Нисколько не сомневаясь в выборе матери, он уверенно подошёл к шкафу, стоящему в прихожей, открыл створки и, сдвинув все вешалки вместе, приготовился сбросить вещи Руслана прямо на пол.

— Убери руки! — Руслан посмотрел на Надежду долгим взглядом, наверное ожидая от неё хоть каких-то слов, но потом, видя, что она по-прежнему молчит, отвернулся и, оттеснив Семёна локтем, принялся снимать с вешалок свою одежду.

— Тебе, может, чемоданчик приглядеть или в узелок свяжешь? — заботливо поинтересовался Тополь и, обойдя отчима, с притворным сочувствием заглянул ему в глаза. — И как ты всё это понесёшь? Барахлишка-то — вагон! — Потянувшись, он уже собирался помусолить в пальцах полу плаща, но наткнулся на обжигающе неприязненный взгляд Руслана и, решив, что перегибать палку всё же не стоит, нехотя отступил. — Какое счастье, что ты ошивался здесь недолго, а то одним бы узелком дело не ограничилось, пришлось бы самосвал к подъезду подгонять. Хотя нет, самосвал — дело опасное. Узелок хоть развязать можно, посмотреть, не прихватил ли ты чего по ошибке чужого, так, в спешке, в суете, — деловито пояснил он. — А то, сам знаешь, замешкаешься, а нужной вещички-то уже и нету…

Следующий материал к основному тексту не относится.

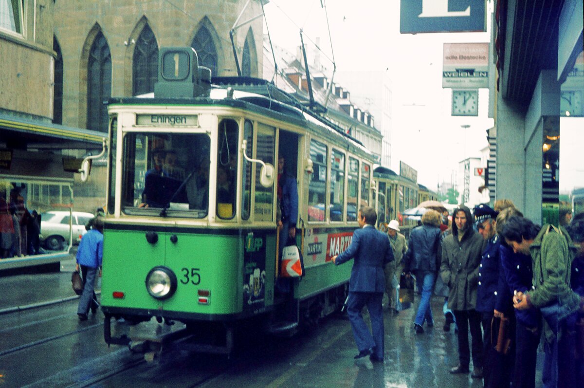 Vor 50 Jahren__Die Straßenbahn in Reutlingen verkehrte das letzte Mal am Samstag, 19. Oktober 1974. Im Bild 3-Wagenzug mit Tw 35 [ME 1929; 1962 ex SSB 259; heute als SSF 15* im Straßenbahnmuseum] am letzten Betriebstag in der Reutlinger Wilhelmstr.(Fähnchen nur auf einer Plattform). Mittags wurden noch die beiden Schülerzüge gefahren.(? Ja damals war auch am Samstag noch Schule.) Das Wetter paßte zur traurigen Stimmung, auch überwiegend in der Bevölkerung.__19-10-1974 *Städt. Straßenbahn Feuerbach.

То, что произошло дальше, было настолько диким и невероятным, что не укладывалось ни в какие рамки. Издав странный хриплый звук, Надежда подняла руку и с перекошенным от злости лицом вдруг со всей силы залепила сыну увесистую оплеуху.

— Ты что?! — Почувствовав, как по лицу полоснуло крутым кипятком, Семён схватился за щёку обеими руками, и на его глаза навернулись слёзы. — Ты что, не в своём уме?! Бить меня из-за какого-то пришлого кобеля?! — Зло сверкая глазами, он отступил в дальний угол прихожей. — Я не любил тебя, никогда не любил, а теперь просто ненавижу! — не владея собой, выкрикнул он. — Ты должна была выбрать меня, ты не можешь остаться с ним!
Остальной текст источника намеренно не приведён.